By calculating the sum of each brightness, it is possible to take advantage of the effect of multiple light sources, and it is possible to perform shading display using multiple light sources, as well as to display shading using multiple light sources when the display figure is made up of multiple parts with different reflection coefficients. It is possible to provide a multi-light source shading device that can perform shading and has excellent functions while eliminating the drawbacks of the prior art described above.

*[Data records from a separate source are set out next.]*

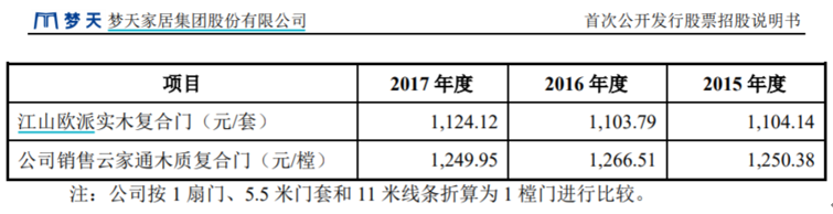 不仅如此,根据招股书第142页披露,江山欧派(603208)是云家通的主要供应商之一,其实木复合门与公司销售给云家通的木质复合门为同类可比产品,而且在2015年到2017年期间,梦天家居销售的木制复合门价格,甚至还高于江山欧派销售的实木复合门。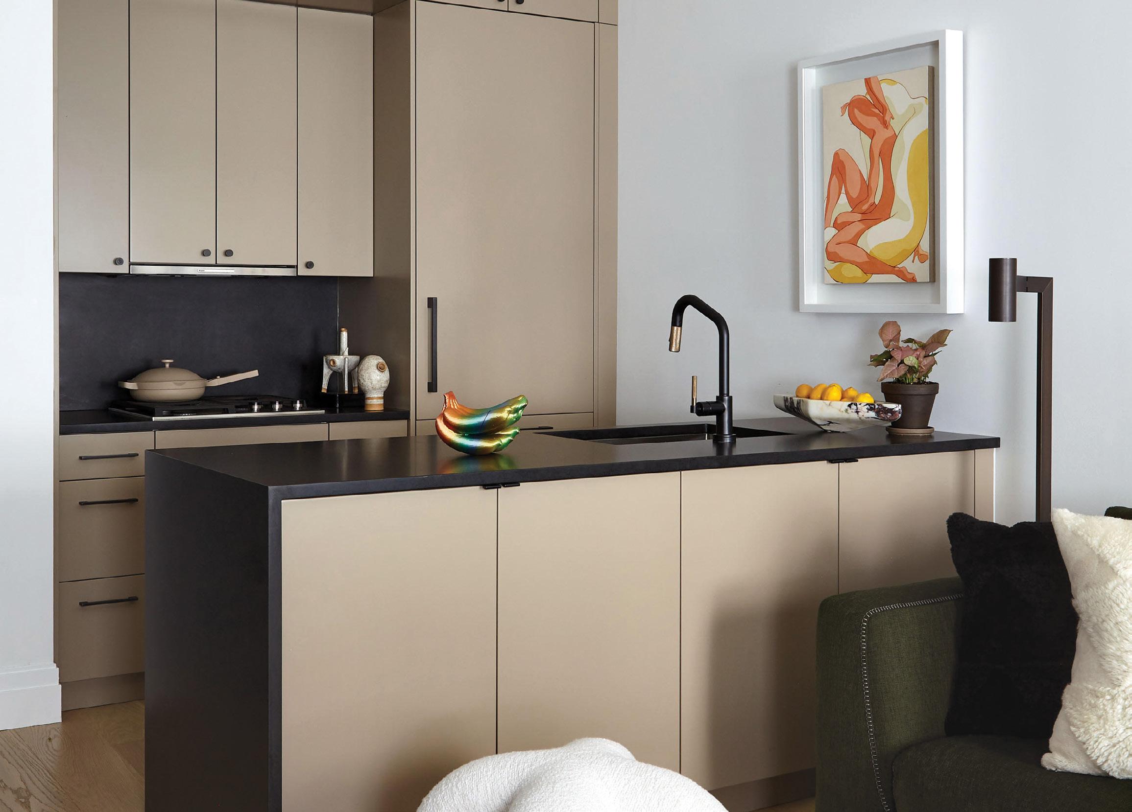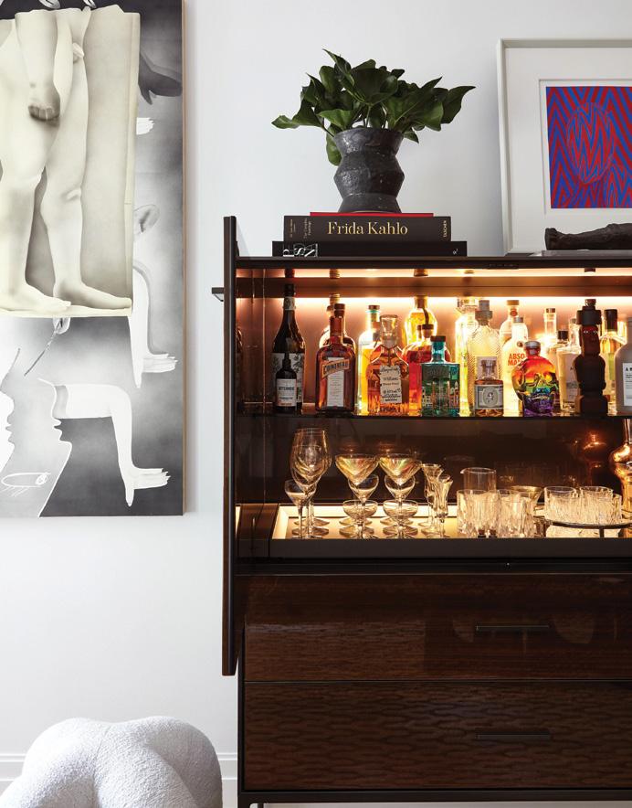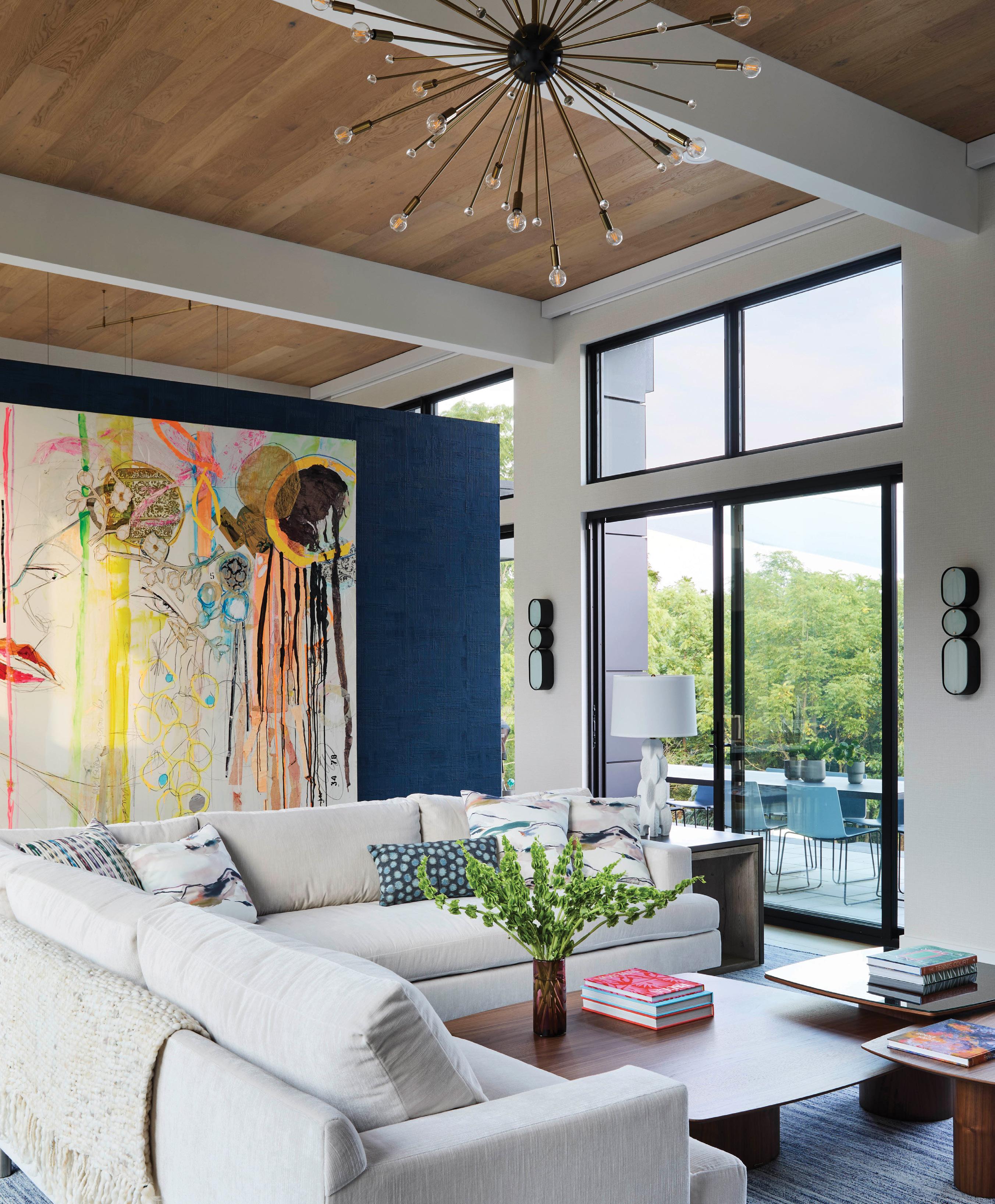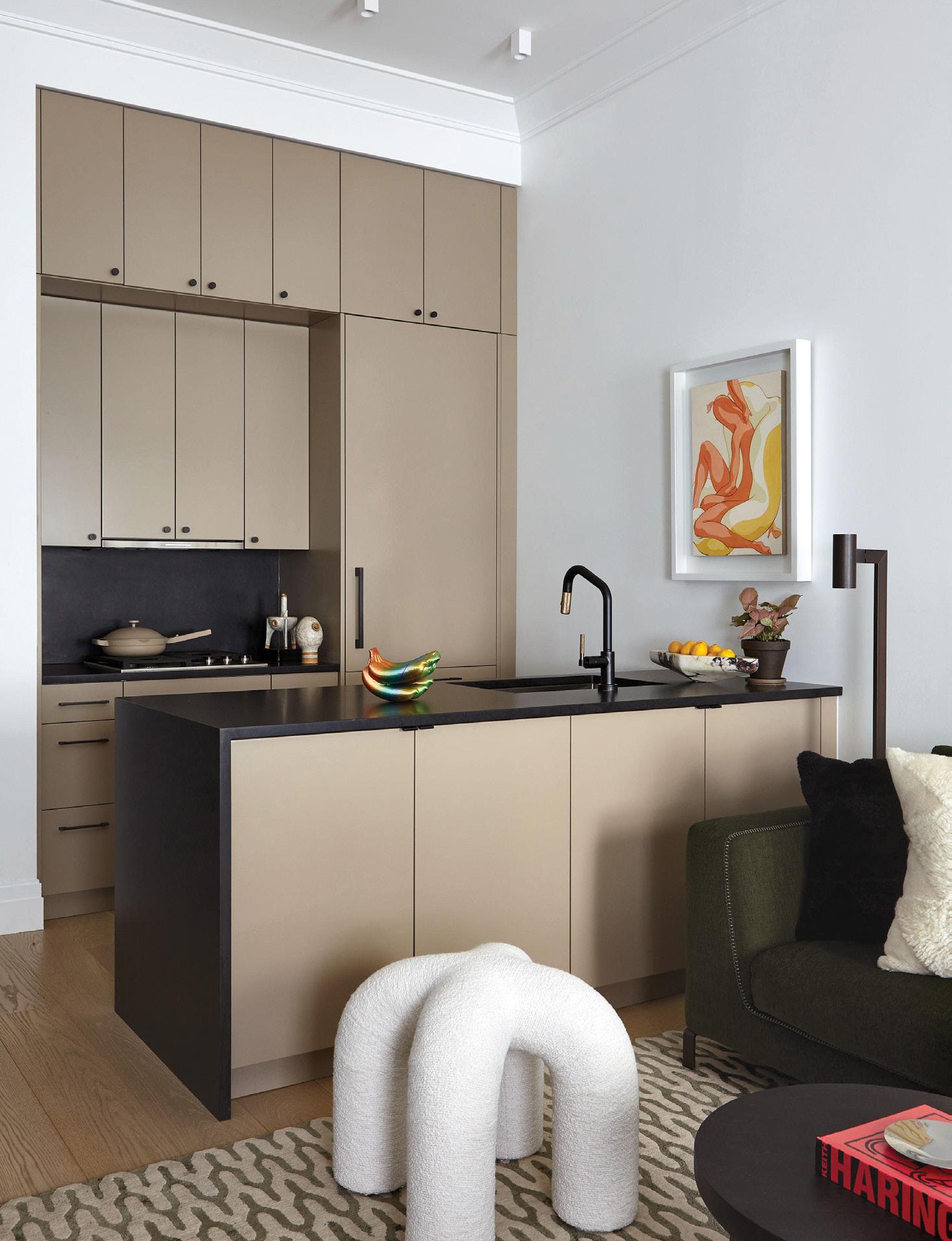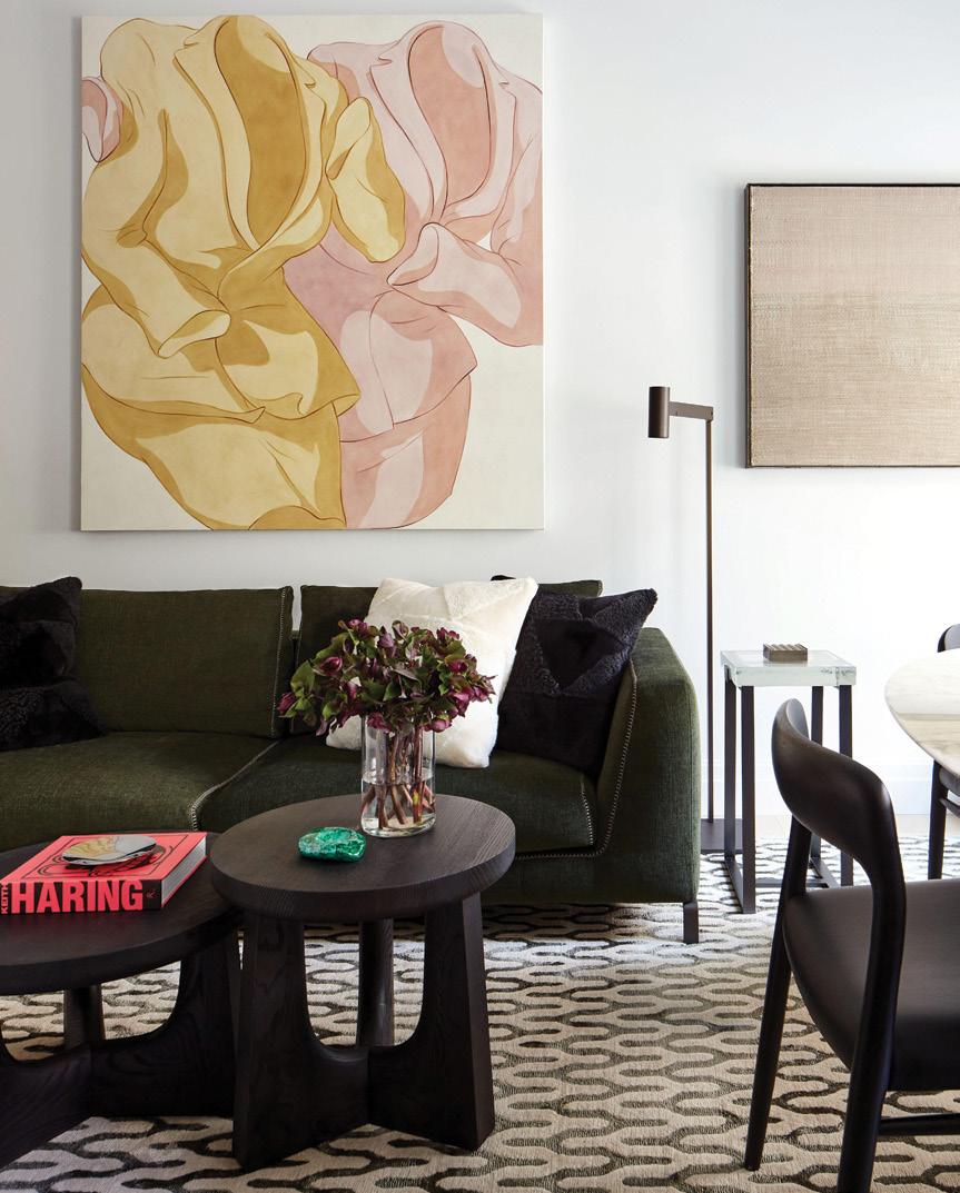 LIVING ROOM & KITCHEN PG 20: Countertop and backsplash in Black Rock by Cambria, CambriaUSA.com. Kitchen cabinets from The Breakfast Room, thebreakfastroom.com. Sofa from B&B Italia, bebitalia.com. Throw pillows from Lorin Marsh, lorinmarsh.com. Rug from The Rug Company, therugcompany.com. Coffee nesting tables from Poliform, poliform.it. Floor lamps from Nahoor, nahoor.com. Art above sofa and in kitchen by Ivy Haldeman from Tara Downs Gallery, taradowns.com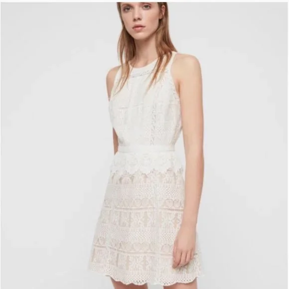 NWT ALL SAINTS Lace Pattern Melia Mini Dress in oyster white Size 4 EU 36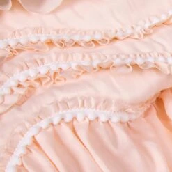 Because the ruffles and pompoms are very delicate, this set is dry clean only. Please do not risk the integrity of your quilt set by placing it in a washing machine.

[Brief explanation of drawings]

Figure 1 is a block diagram showing the overall configuration of an embodiment of the present invention, Figure 2 is a schematic diagram of a light reflection model when there is one light source, and Figure 3 is a light reflection model when there are two light sources. FIG. 4 is a block diagram showing the overall configuration of a shading device according to the prior art. 100: Host computer 200: Coordinate conversion processor 300: Pixel generation processors 410-421: Inner product generation processor 430: Registers 510-561: Brightness tables 610-630: Adders 710-730: Frame buffers 810-8.30: DA conversion Device 90: CRT monitor. ,′− 1′

Claims (1)

[Claims] 1. In displaying the outer shape of a three-dimensional figure, as a means for determining the brightness of each point as a function of vectors in the normal direction and light source direction of each point constituting the figure, the method uses the vector inner product. In a multi-light source shading device having a table holding a set of luminance data pre-calculated corresponding to a set of vector dot products of an expected range, searched based on
The table is provided corresponding to each light source, these values are searched by the inner product value for each light source, and the brightness is calculated by the sum of the values, thereby making it possible to display shading of a three-dimensional figure using a plurality of light sources. A multiple light source shading device featuring: 2. The multiple light source shading device according to claim 1, characterized in that when the surface of the three-dimensional figure has different reflection coefficients depending on the part, a brightness data table for the different reflection coefficients is provided. A multiple light source shading device. 3. In the multiple light source shading device according to claim 2, when there are many portions with different reflection coefficients and the table size to be prepared becomes too large, tables that are used less frequently are combined into one. , a multiple light source shading device characterized by having means for withholding the contents when necessary.